Converting my (Chinese) name to bytes and back
coding
Author

Tony Phung

Published

December 23, 2024

1. Introduction

Unicode provides a comprehensive set of characters and assigns each a unique code point.

UTF-8 is a method of encoding these Unicode code points into bytes, allowing for efficient storage and transmission of text. It is designed to be backward compatible with ASCII, meaning that any ASCII text is also valid UTF-8.

Bytes are the actual data representation of the encoded text. When you encode a string using UTF-8, you get a sequence of bytes that can be stored in files, sent over networks, or processed by applications.

2. Unicoding My Name

2.1 A Cool Name “😎梁國富⚽”

my_str = "😎梁國富⚽" # a cool chinese name

2.2 Encode string to bytes via utf-8

Converts string into a bytes object using the UTF-8 encoding scheme.

If string contains non-ASCII characters, UTF-8 ensures they are represented properly in bytes.

my_str_utf8_bytes = my_str.encode("utf-8") # (str -> utf-8 bytes)
my_str_utf8_bytes
b'\xf0\x9f\x98\x8e\xe6\xa2\x81\xe5\x9c\x8b\xe5\xaf\x8c\xe2\x9a\xbd'

2.2.1 Why bytes?

Bytes data/objects are important in programming for several key reasons:

  • Efficient Storage: Bytes provide an efficient way to store raw binary data. They use 8 bits per byte, which allows for compact storage of information.

  • Low-Level Operations: Bytes are fundamental units of data in computer systems. Working with bytes enables low-level operations like memory manipulation, file I/O, and network communication.

  • Binary Data Handling: Bytes are essential for handling binary data formats like images, audio files, and executable code. These formats are represented as sequences of bytes.

  • Cryptographic Operations: In cryptography and security-related tasks, working with raw byte data is often necessary. This includes generating random numbers, hashing, and encryption/decryption.

  • Network Communication: When sending data over networks, it’s typically transmitted as byte streams.
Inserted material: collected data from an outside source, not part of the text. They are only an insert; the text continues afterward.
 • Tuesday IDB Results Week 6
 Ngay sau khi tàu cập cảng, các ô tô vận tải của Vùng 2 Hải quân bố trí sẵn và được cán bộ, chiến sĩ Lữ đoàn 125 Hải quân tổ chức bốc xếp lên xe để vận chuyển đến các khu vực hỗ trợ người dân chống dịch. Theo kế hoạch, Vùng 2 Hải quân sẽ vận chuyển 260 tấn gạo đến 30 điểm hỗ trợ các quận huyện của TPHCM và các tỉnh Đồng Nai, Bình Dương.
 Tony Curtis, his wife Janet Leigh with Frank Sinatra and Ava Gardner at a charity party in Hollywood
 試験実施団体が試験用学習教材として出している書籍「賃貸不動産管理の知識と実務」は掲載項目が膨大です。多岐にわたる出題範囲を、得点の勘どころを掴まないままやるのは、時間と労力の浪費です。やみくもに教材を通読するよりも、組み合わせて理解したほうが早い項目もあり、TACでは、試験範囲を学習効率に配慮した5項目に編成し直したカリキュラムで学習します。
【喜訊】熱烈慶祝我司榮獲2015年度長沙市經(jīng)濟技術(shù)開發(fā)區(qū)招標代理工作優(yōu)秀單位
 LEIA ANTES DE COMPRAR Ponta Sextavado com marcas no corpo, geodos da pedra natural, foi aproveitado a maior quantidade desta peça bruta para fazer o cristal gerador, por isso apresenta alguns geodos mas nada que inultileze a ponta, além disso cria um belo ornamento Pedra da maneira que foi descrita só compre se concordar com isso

This allows for efficient transmission of various types of data.

  • Compression Algorithms: Some compression algorithms work directly on byte sequences rather than text strings.
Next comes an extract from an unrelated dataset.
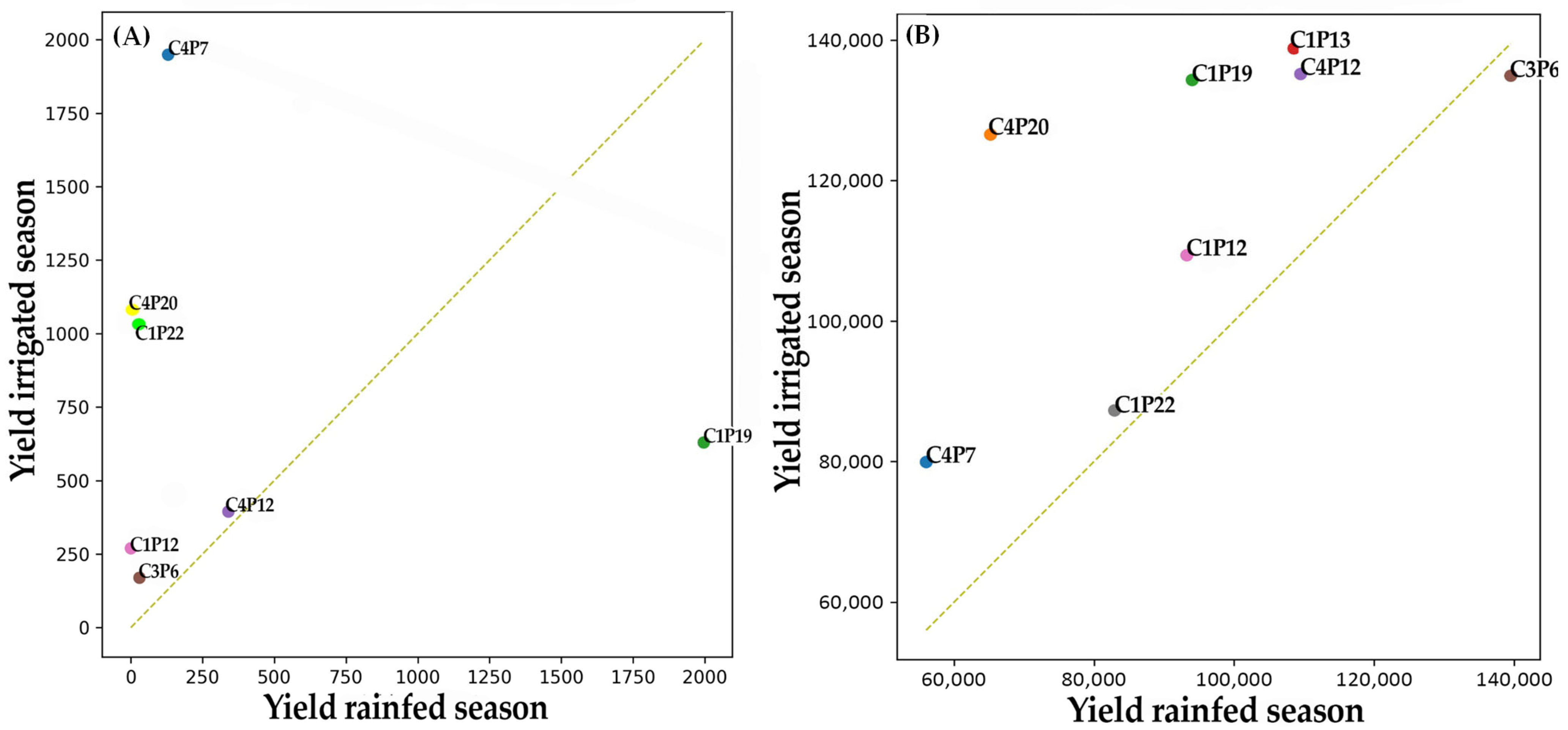 2.2.2. Evaluation of Productive Traits Under Rainfed Conditions

  • Memory Efficiency: In scenarios where memory usage is critical (like embedded systems), working with bytes allows for more efficient use of available resources.
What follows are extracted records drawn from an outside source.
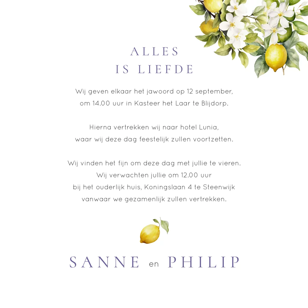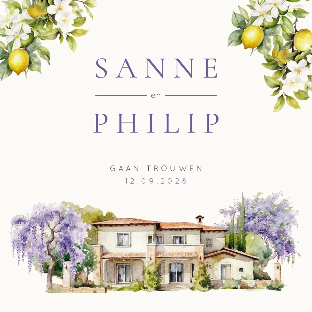 Deze stijlvolle aquarel trouwkaart met citroenen is een echte eyecatcher. Je ziet een aquarel beschildering van een Toscaans huis met blauwe regen. Bovenin de hoeken hangen citroenen met bloemen. Deze trouwkaart zal zeker opvallen en is perfect voor een Toscaanse bruiloft of elders in Italië of het buitenland.
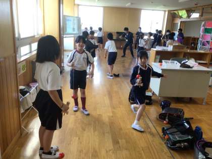 けん玉クラブは、教室とワークスペースを広く使って練習です。「こんなこともできるよ。」と見せてくれました。
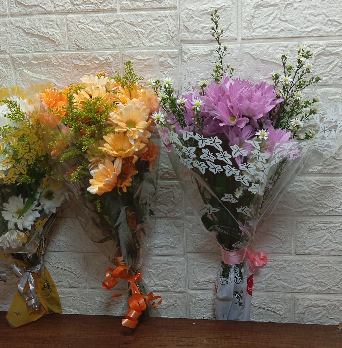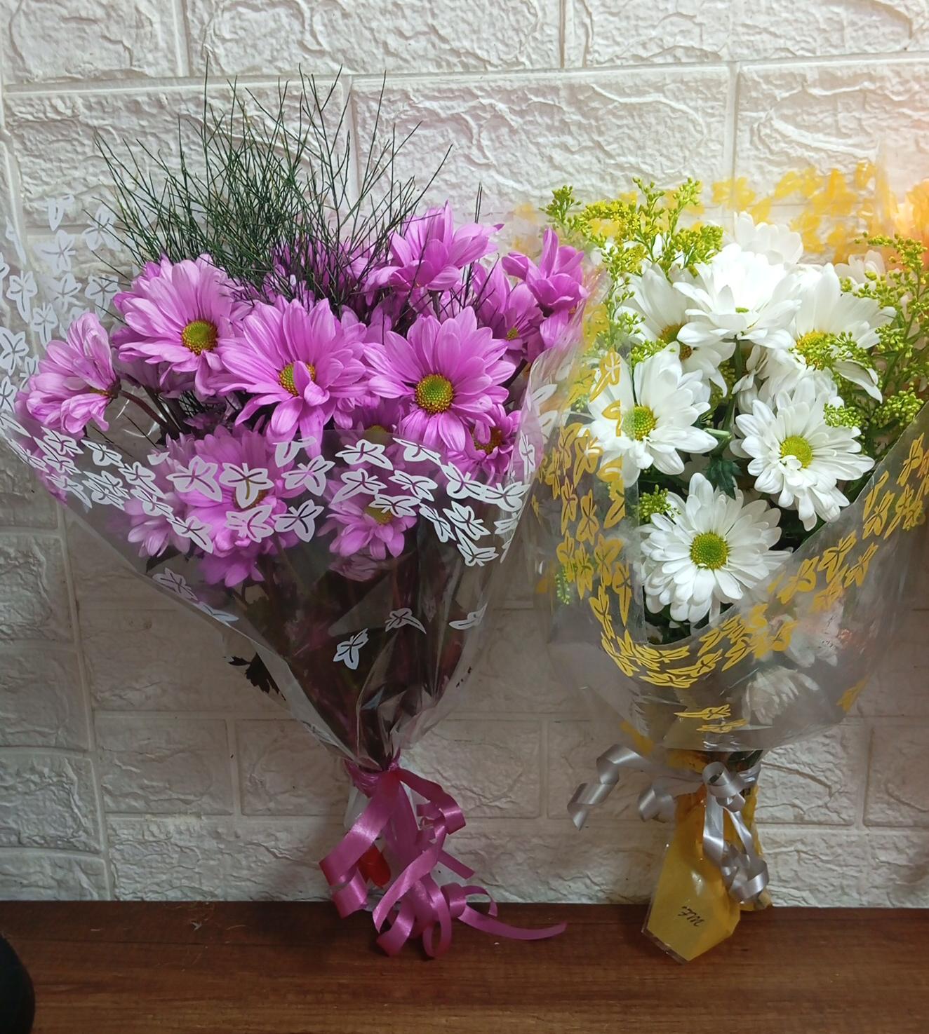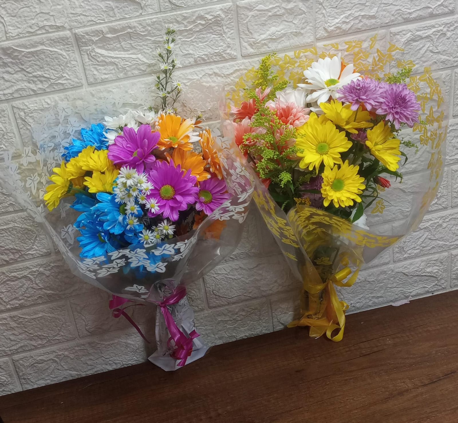 Un ramos de flores, cada uno con una mezcla única de margaritas y otras flores en tonos brillantes como azul, amarillo, morado, naranja y blanco. Hogar

  • Performance Optimization: Certain operations, especially those involving large datasets, can be optimized by working directly with bytes rather than converting to and from strings repeatedly.

  • Interoperability: Bytes provide a common format that can be easily converted between different programming languages and systems.

  • Data Integrity: When dealing with binary data that may contain non-printable characters or invalid Unicode sequences, working with bytes ensures data integrity.

  • File Handling: Many file formats, especially those used in scientific computing or specialized applications, are represented as byte streams.

  • Protocol Buffers: In distributed systems and microservices architectures, protocols like Protocol Buffers often serialize data into byte streams for efficient transmission.

2.3 Convert bytes to hexadecimal

Converts to base-16 representation of the binary data.

my_str_hex = my_str_utf8_bytes.hex() # (utf-8-bytes -> hex-#)
my_str_hex
'f09f988ee6a281e59c8be5af8ce29abd'
my_str_bytes = bytes.fromhex(my_str_hex) # (hex-# -> utf-8-bytes)
my_str_bytes
b'\xf0\x9f\x98\x8e\xe6\xa2\x81\xe5\x9c\x8b\xe5\xaf\x8c\xe2\x9a\xbd'
my_str_bytes.decode("utf-8") # '梁國富' (utf-8-bytes to str)
'😎梁國富⚽'